DATA FOR THIS EXERCISE:

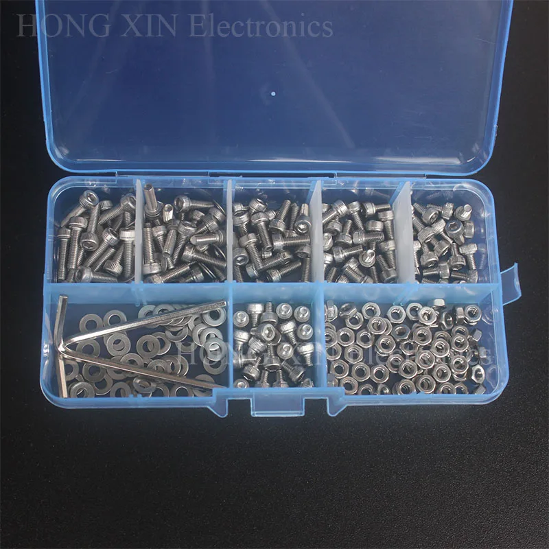 250 шт./компл. DIN912 M2 M2.5 M3 304 Нержавеющая сталь с шестигранной головкой Кепки винты велосипедов с шестигранной головкой ассортимент комплект с ...
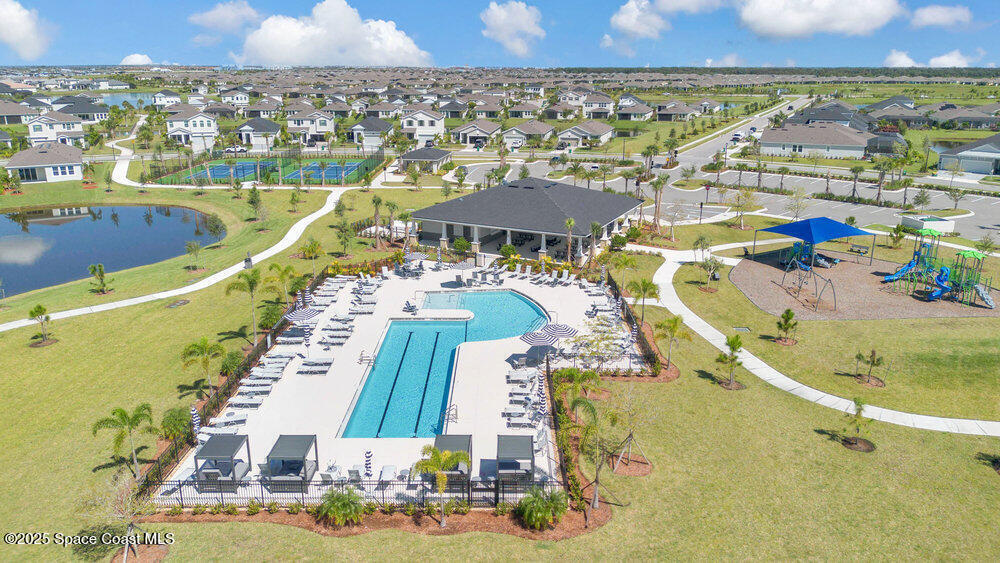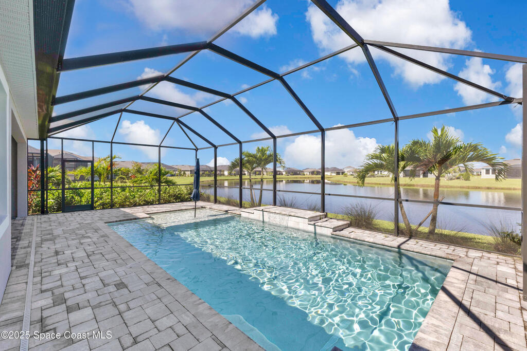 Experience luxurious Viera living in this stunning 4-bedroom pool home, complete with a versatile flex room. Enjoy spectacular sunsets from your private backyard oasis, featuring a sparkling pool perfect for relaxing or entertaining. The gourmet kitchen is a chef's dream, showcasing premium finishes, a gas stove, stainless steel appliances, and beautiful quartz countertops. Elegant upgraded lighting and designer hardware add a modern touch throughout. Enjoy peace of mind with impact-resistant windows, and a low-maintenance lifestyle with lawn care included in the HOA fee. An open-concept design with natural light fills the spacious living areas. The large master suite offers serene lake views, a huge walk-in closet, and a double-sink walk-in shower. Outside, a beautifully landscaped yard enhances the curb appeal. Located near top-rated schools, premier shopping, and dining, this home is a gem in one of Viera's most sought-after communities.
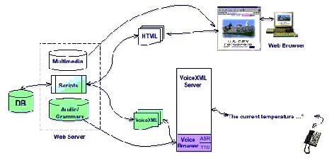 新的語音技術(shù)可以創(chuàng)建出對話驅(qū)動的應(yīng)用程序,例如語音識別技術(shù)(ASR),語音合成技術(shù)(TTS)以及記錄和回放數(shù)字化語音在 PC 和服務(wù)器(分發(fā)到客戶端設(shè)備)上 。Voice XML 提供了一種與技術(shù)無關(guān)的語言,可以用在語音應(yīng)用程序。這些應(yīng)用程序?qū)⒑蠖颂幚碚Z音的服務(wù)和處理機制與前端基于 Voice XML 的表示層分離開。例如,一個精心設(shè)計的 Web 站點可以輕而易舉地支持語音驅(qū)動的瀏覽器(比如您很可能在移動電話上會使用的那種),同時它有能支持其它的瀏覽器(比如一個 WAP 瀏覽器或 HTML 瀏覽器)。當接受到來自瀏覽器的最初請求時,服務(wù)器將監(jiān)測出瀏覽器的類型。如果瀏覽器被確認為一個語音瀏覽器,服務(wù)器將返回對應(yīng)的 Voice XML 頁面。
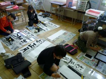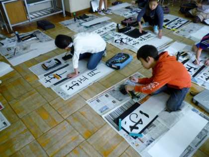 書初め 公開日 2015/01/15 更新日 2015/01/15 3年生 3学期が始まりました。本年もよろしくお願いします。 3年生は書初めをしました。2学期や冬休みに練習をした「お正月」を丁寧に書いていました。子ども達は一文字一文字真剣に取り組んでいました。クラスで1人の作品がおおるり展に出展され、全員の作品が、校内書写展に出展されます。
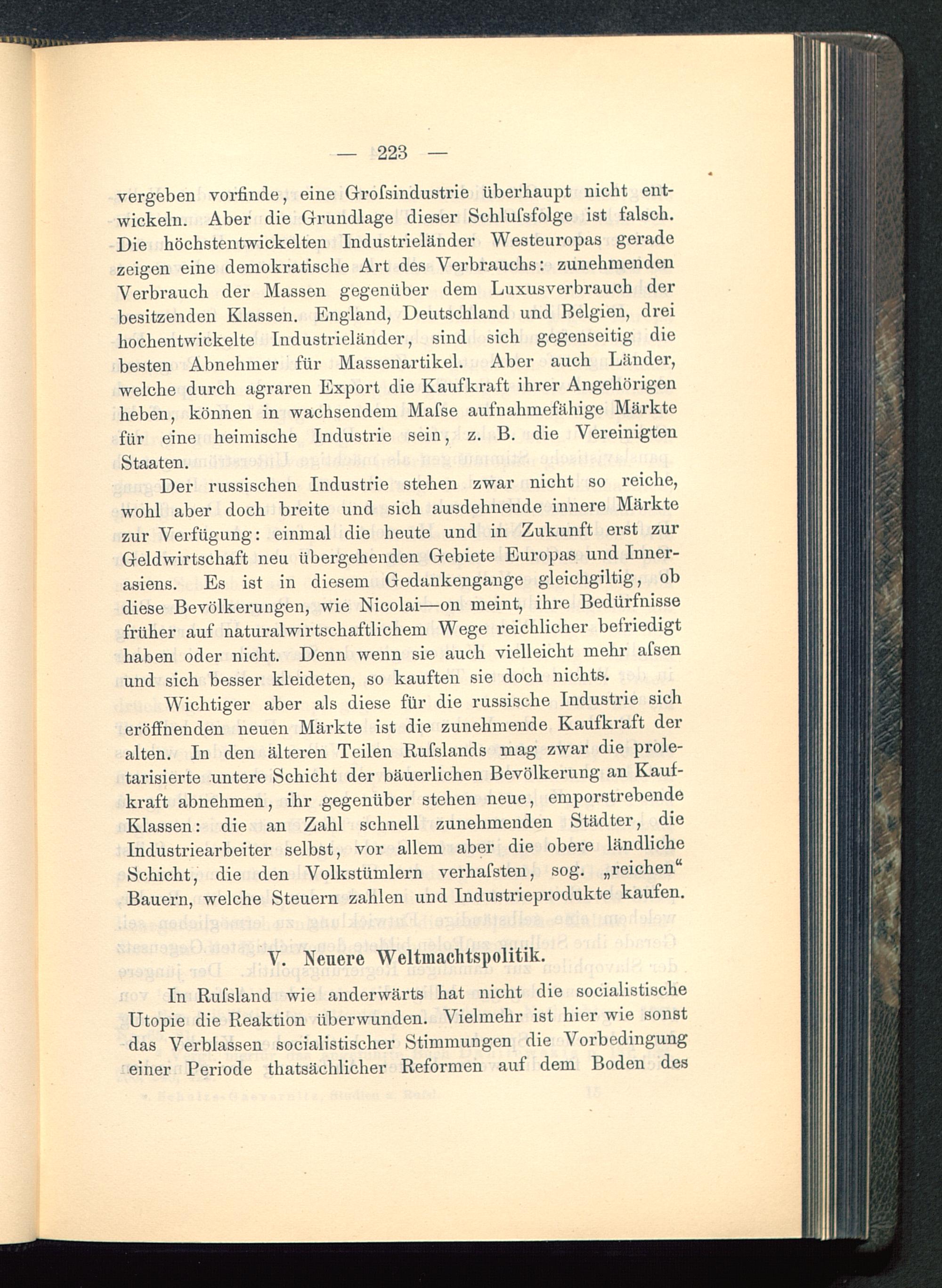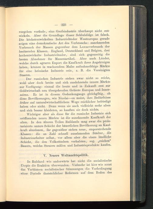 Der russischen Industrie stehen zwar nicht so reiche,wohl aber doch breite und sich ausdehnende innere Märktezur Verfügung: einmal die heute und in Zukunft erst zurGeldwirtschaft neu übergehenden Gebiete Europas und Inner-asiens. Es ist in diesem Gedankengange gleichgiltig, obdiese Bevölkerungen, wie Nicolai—on meint, ihre Bedürfnissefrüher auf naturalwirtschaftlichem Wege reichlicher befriedigthaben oder nicht. Denn wenn sie auch vielleicht mehr afsenund sich besser kleideten, so kauften sie doch nichts.

REQUIREMENT: Nothing but the lines from the one containing "書初め 公開日 2015/01/15" through the end of the listing should be printed, each exactly as it appears and without pictures.

TASK SOLUTION:
 書初め 公開日 2015/01/15 更新日 2015/01/15 3年生 3学期が始まりました。本年もよろしくお願いします。 3年生は書初めをしました。2学期や冬休みに練習をした「お正月」を丁寧に書いていました。子ども達は一文字一文字真剣に取り組んでいました。クラスで1人の作品がおおるり展に出展され、全員の作品が、校内書写展に出展されます。
 Der russischen Industrie stehen zwar nicht so reiche,wohl aber doch breite und sich ausdehnende innere Märktezur Verfügung: einmal die heute und in Zukunft erst zurGeldwirtschaft neu übergehenden Gebiete Europas und Inner-asiens. Es ist in diesem Gedankengange gleichgiltig, obdiese Bevölkerungen, wie Nicolai—on meint, ihre Bedürfnissefrüher auf naturalwirtschaftlichem Wege reichlicher befriedigthaben oder nicht. Denn wenn sie auch vielleicht mehr afsenund sich besser kleideten, so kauften sie doch nichts.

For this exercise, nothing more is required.